The tax-break has become a significant part of the City of London’s financial sector, with one-in-five bankers using the status. The non-dom regime has often been presented as a sweetener for Wall Street bankers transferring to the UK, and is also used by Premier League footballers.

Tax advisers and lobbyists told the Guardian than even five years would have been a short period relative to similar regimes in Spain, Italy, and Switzerland, which respectively allow non-doms six years, 15 and indefinite grace periods before someone’s worldwide earnings become subject to domestic taxes.

The new tax break will be free to claim, rather than the present regime, which in its latter years costs £30,000 a year.

Two finance chiefs at world-renowned British public schools also told the Guardian that they were more concerned about the impact of scrapping non-dom status than they were by Labour’s plans to charge VAT on private school fees.

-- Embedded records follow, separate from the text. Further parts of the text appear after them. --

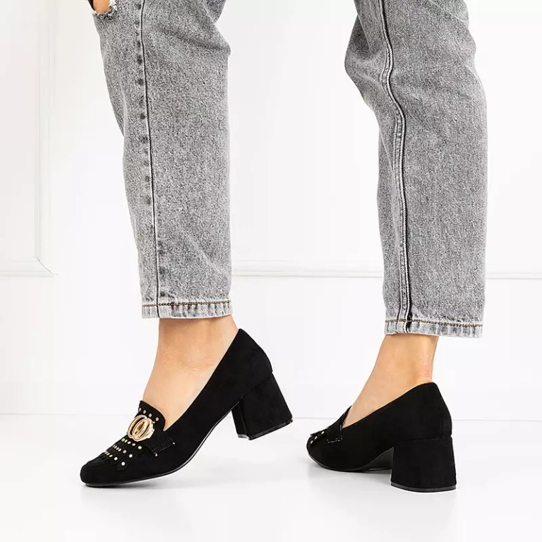 OUTLET Black pumps on the post with a decorative Nell-shoes upper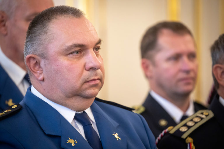 Prezident HaZZ Pavol Mikulášek počas prijatia zástupcov Hasičského a záchranného zboru (HaZZ) a Dobrovoľnej požiarnej ochrany (DPO) SR prezidentkou SR v Prezidentskom paláci pri príležitosti 20. výročia Hasičského a záchranného zboru a 100. výročia dobrovoľného hasičstva. Bratislava, 12. október 2022. Foto: SITA/Diana Černáková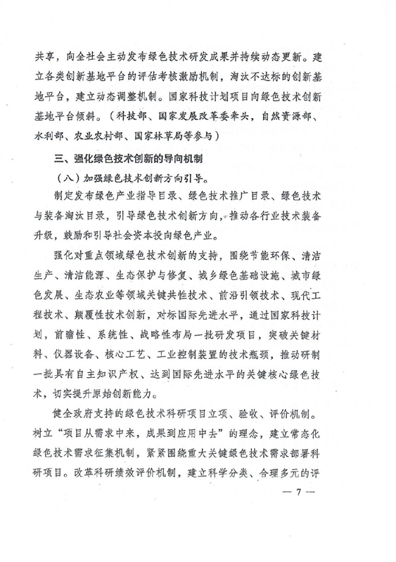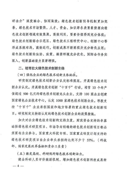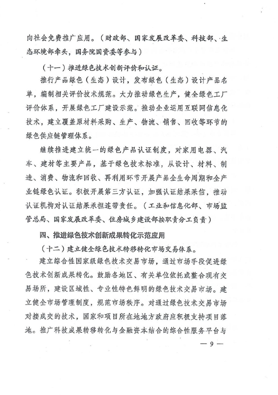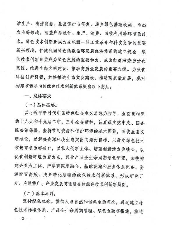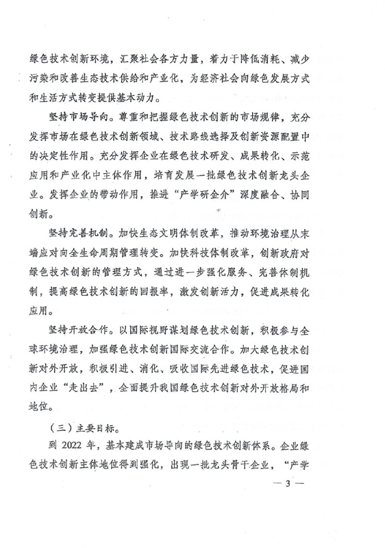 綠色技術(shù)創(chuàng)新是綠色發(fā)展的重要?jiǎng)恿?,是打好污染防治攻?jiān)戰(zhàn)、推進(jìn)生態(tài)文明建設(shè)、促進(jìn)高質(zhì)量發(fā)展的重要支撐。要以解決資源環(huán)境生態(tài)突出問題為目標(biāo),堅(jiān)持市場(chǎng)導(dǎo)向,強(qiáng)化綠色引領(lǐng),加快構(gòu)建企業(yè)為主體、產(chǎn)學(xué)研深度融合、基礎(chǔ)設(shè)施和服務(wù)體系完備、資源配置高效、成果轉(zhuǎn)化順暢的綠色技術(shù)創(chuàng)新體系,推動(dòng)研究開發(fā)、應(yīng)用推廣、產(chǎn)業(yè)發(fā)展貫通融合。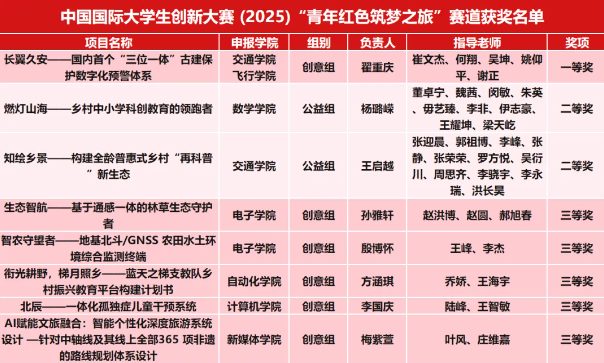 此外,我校斩获红旅赛道1项一等奖、2项二等奖、5项三等奖,产业赛道4项一等奖、5项二等奖、11项三等奖,北航还获评北京赛区优秀组织校。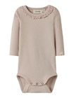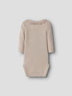 Layo Sup Langærmet Slim Body fra Lil' Atelier er lavet af økologisk bomuld, lyocell og elastan, som gør den blød og strækbar. Den fine Peach Whip farve og den søde krave med flæser gør bodyen ekstra charmerende. Perfekt til både hverdag og fest!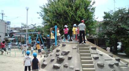 校区探検の後,巽公園に到着です。諸注意を聞き,楽しく遊んでいます。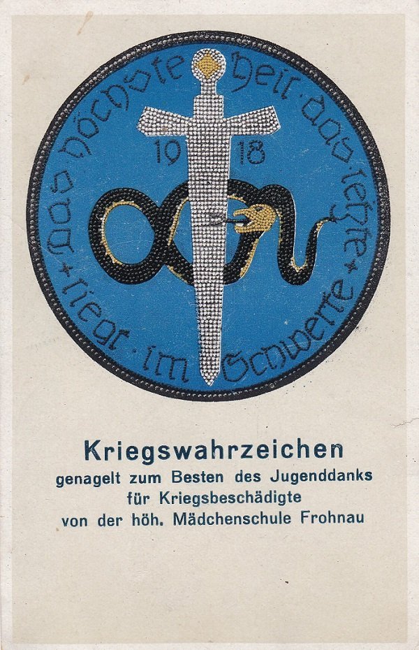 Kriegswahrzeichen genagelt zum Besten des Jugenddanks für Kriegsbeschädigte von der höh. Mädchenschule Frohnau.

Having a child in education in the UK can be a test for determining whether or not someone might be considered resident for tax purposes.

A head of HR at a Wall Street bank said that US staff were being put off transfers to London, for fear of falling under the UK’s inheritance tax regime.

A Treasury spokesperson said: “These claims are inaccurate and misleading. This government is taking a different approach on non-doms to raise revenue for our public services, which is clear in the manifesto. Tax and spend decisions will be published in the budget on 30 October.”